Mirrorless, the Minivan of Cameras

Once upon a time, every man in the kingdom had a closet full of cameras. At the bottom of the closet was a rangefinder, and stacked on top of that were SLRs and lenses, older DSLRs and lenses, and even a few compact cameras. The men's current cameras, the huge Megapixel-slaying DSLR wouldn't even fit in the closet, but that was okay because it was usually hung around their necks, or at least in a giant bag on their backs. 

You would think that this would have brought joy to the Camera Makers, as their male customer was devoted and pretty much bought every new version they made. But the Camera Makers weren't happy. Once every man had his camera, updates didn't grow their sales, they just keep them level. So the Camera Makers looked around and noticed that women didn't seem to have many cameras. If they did, they were small and fit in their purses.

Thus, the Camera Makers set out to increase their sales by selling something new to these women. The new cameras had to be better in some way than the compact cameras already stuffed in some of those purses, but not too big to stuff in a purse. And thus mirrorless was born. The era of white, red, and pink cameras began, with every Camera Maker eventually offering their interpretation of fashionably small cameras. 

But the men were jealous, and had tired necks and backs. "Why can't we enjoy these smaller, competent cameras?" they asked. And so the Camera Makers also made black and sometimes sliver versions. A few ambitious Camera Makers even went so far as to make models that were for all intents and purposes smaller versions of their bigger cameras. And so great joy descended upon the kingdom.

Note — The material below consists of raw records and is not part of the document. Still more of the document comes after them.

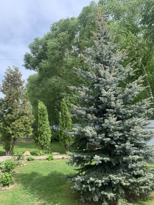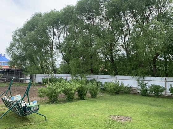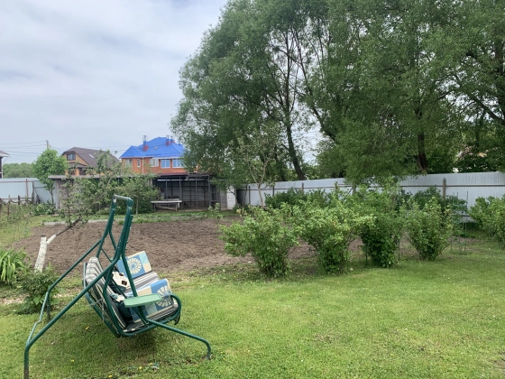 - На участке ухоженный газон с различными хвойниками, плодово-ягодные деревья и кустарники, выделена одна сотка под огород.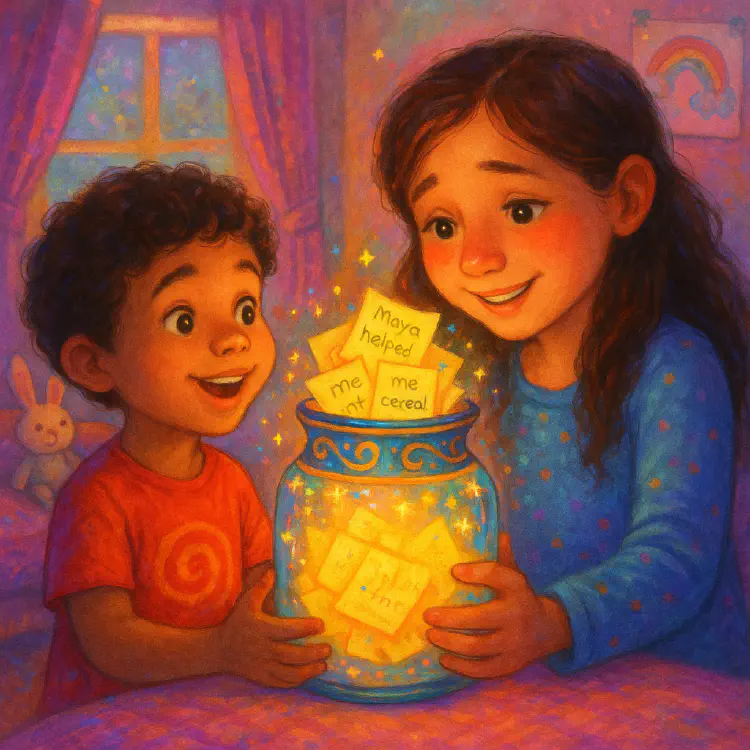 That very evening, Isaac’s big sister Maya helped him reach the cereal on the top shelf—even though she was busy building a block tower. Isaac found his special thank-you notebook (the one with the rocket ships on the cover) and carefully wrote: Maya helped me get cereal. He folded the paper into a tiny square and dropped it into the jar with a satisfying plink!
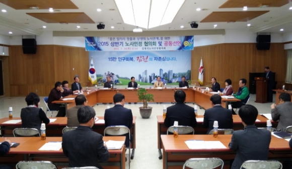 이번 회의는 노사정 공동선언문 협약식, 위원장 인사말, 2015 지역 노사민정 협력활성화 사업계획 설명, 노동시장 구조개선 설명 순으로 진행 되었다.

Until one day the men read that they were buying women's cameras, which was decidedly unmanly and lowered their self-imposed macho scores considerably. So some men rebelled and bought cameras with more. More pixels, more sensor, more options, more video, more…well, they wanted everything and the Camera Makers began obliging with Beasts of DSLRs. 

In the end, though, the necks and backs stayed tired. As the men grew older, they demanded "more in less." And so the men began looking more seriously at the smaller mirrorless cameras their women favored. And the Camera Makers eventually realized that men wanted smaller and lighter offerings, too, and obliged with manly mirrorless cameras. 

So everyone lived happily ever after.

Or not. 

Not all fairy tales have happy endings, and not all such stories can stand alone, except perhaps as allegory. For even as the men, women, and Camera Makers were rejoicing about finding their happy mediums, their lurked another danger at the edge of the kingdom, the Workflow Dragon. No one had slain this beast, and as it networked with other Dragons and formed what looked to be unbreakable social bonds, the cameras and the Camera Makers had no answer, thus the men and women of the kingdom were slain. Unless, of course, they had a smartphone.